Why, is this not Hell? And are we not already in it?

On a recent Friday evening, two Eater editors had a meal at Dans Le Noir, New York’s first (and probably last) dining in the dark restaurant.

This is the single most amusing review of a NYC restaurant I’ve read since Frank Bruni reviewed Ninja for the NYT.

And a side reference on the EaterNY site led me to “Soul Daddy”. Don’t worry if you’re not familiar with “Soul Daddy”: very few people were. The chain (of three restaurants: NY, LA, and the Mall of America) was the “prize” on an NBC reality series called America’s Next Great Restaurant, which nobody watched.

“Nobody” includes me, but I did follow the recaps on the A/V Club website. I hadn’t thought about “Soul Daddy” for the better part of a year, and wasn’t surprised to find out the restaurants were defunct. It did surprise me, though, that they only lasted just about two months. (Apparently, the NY and LA locations closed after six weeks so they could concentrate on the Mall of America location; that closed two weeks later.) LA Weekly has a good summary of why it failed. (Important safety tip: if you’re going to start a restaurant, it helps to have food that doesn’t suck.)

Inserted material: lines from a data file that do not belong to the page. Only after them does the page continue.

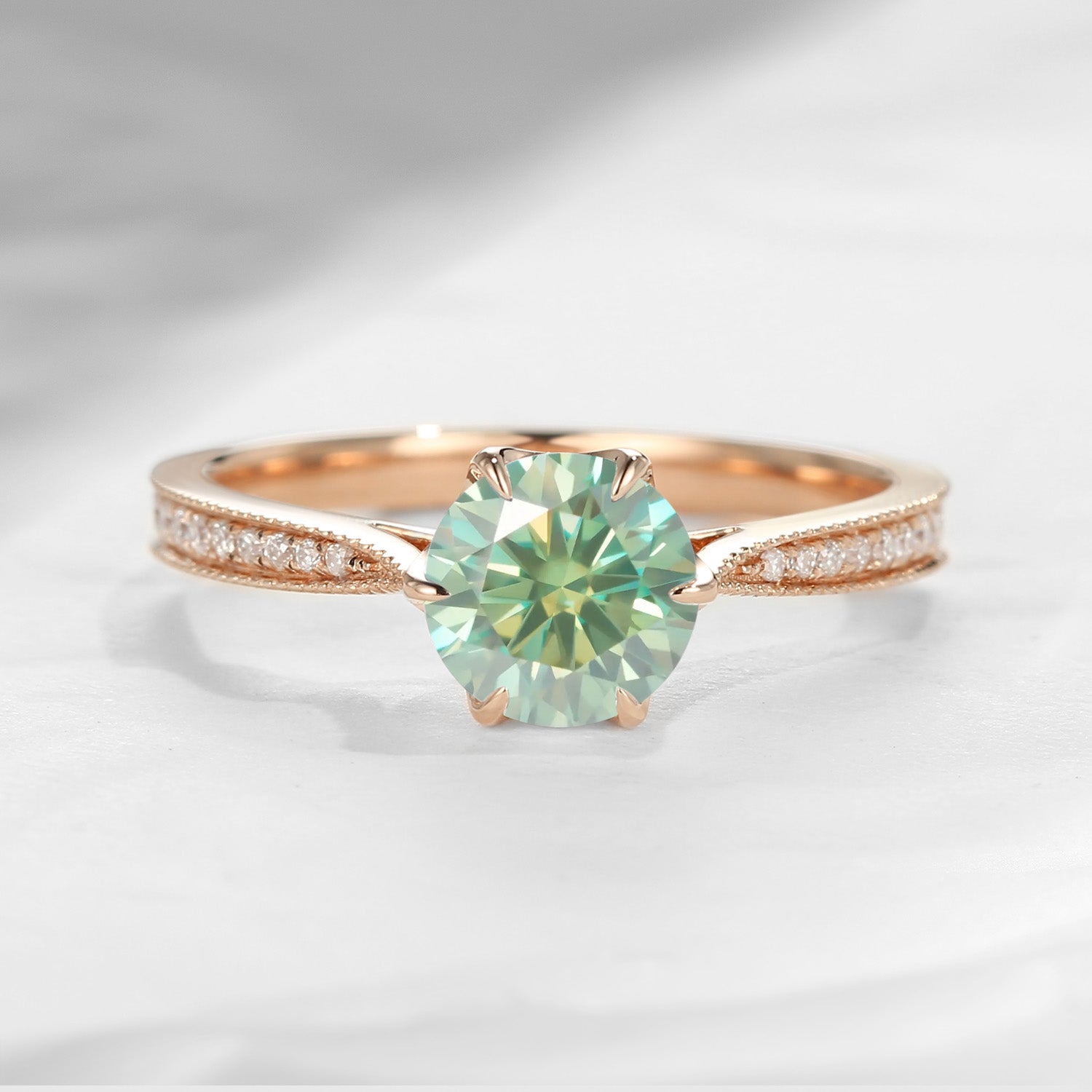 Antique Mint Moissanite Engagement Ring Solitaire Wedding Ring Milgrain Tapered Ring
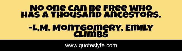 This page presents the quote "No one can be free who has a thousand ancestors.". Author of this quote is L.M. Montgomery, Emily Climbs. This quote is about ancestors, free,.
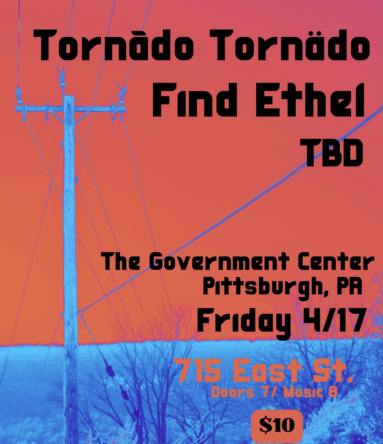 A three-band rock show at The Government Center in Pittsburgh featuring Tornado Tornado, Find Ethel, and a TBD opener.
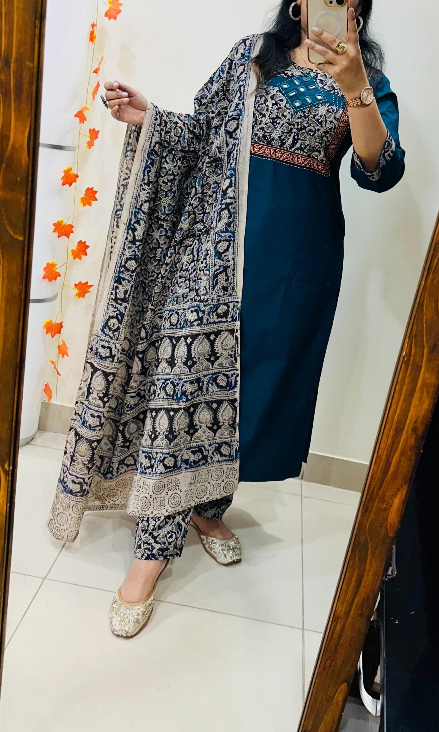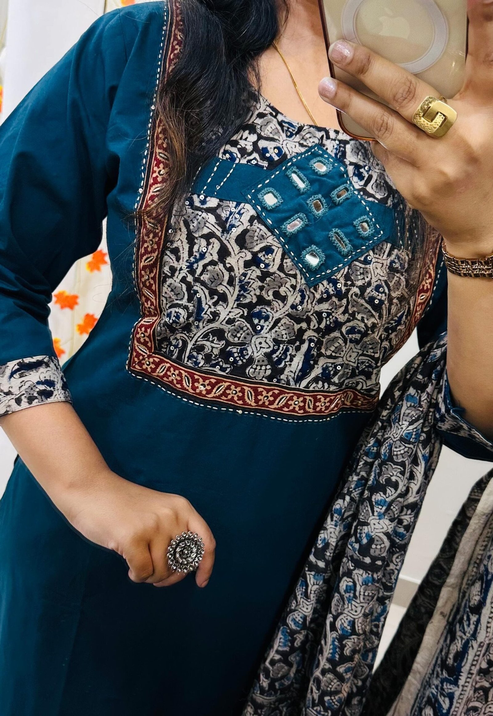 Beautiful kurti Pant dupatta set in Premium Dhabu Cotton in Kalamkari print with real mirror in yoke with kalamkari cotton dupatta
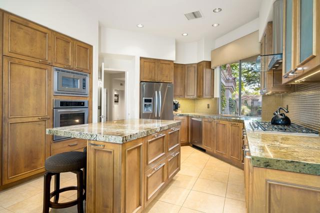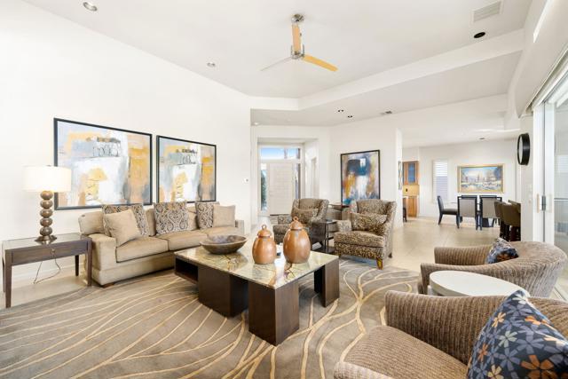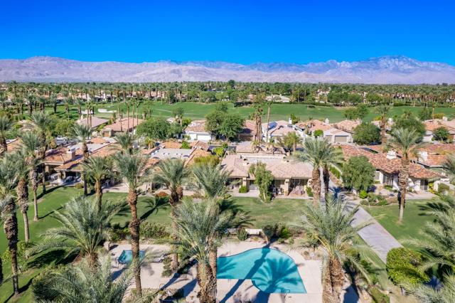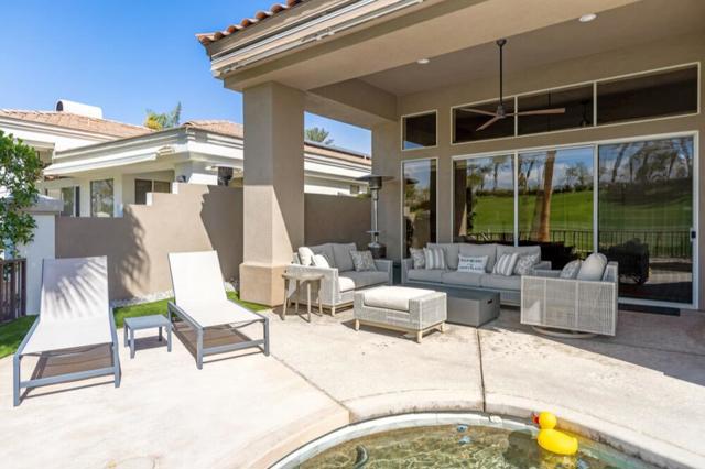 Rental Available May 15 - October 15, 2026 at $3,200 /month + utilities. Welcome to your desert oasis at Indian Ridge Country Club in Palm Desert. This stunning 3-bedroom, 3.5-bathroom home offers luxury living with custom solar shades, soaring 9ft+ ceilings, and breathtaking panoramic views of the Arnold Palmer Grove-3 Golf Course and surrounding mountains. The west-facing patio is perfect for entertaining, featuring a pebble-tech heated spool, fire pit, and BBQ area. Inside, the gourmet kitchen shines with stainless steel appliances and a spacious island, ideal for preparing and enjoying meals. The master suite is a true retreat with dual walk-in closets, a soaking tub, and a separate shower. Two ensuite guest bedrooms provide privacy and comfort for family or friends. A landlord's club membership is available with approval to enjoy exclusive community amenities, including a fitness center, pools, tennis courts, pickleball courts, and exceptional dining. Located in the heart of the Palm Springs area, you're just minutes from El Paseo shopping and dining and a short drive to the airport. Don't miss this exceptional opportunity to experience luxury desert living!

What I wonder is: how do you throw $3 million down the drain in two months? Were the locations that expensive? (Maybe.) Were the construction costs that high? (I can see that, especially if they were trying to keep the actual concept secret until the day after the last episode: that probably took a lot of bribes payments to the construction crew.) Or did they not actually burn through $3 million, and the investors just said “F— you” and pulled the plug after NBC cancelled the show?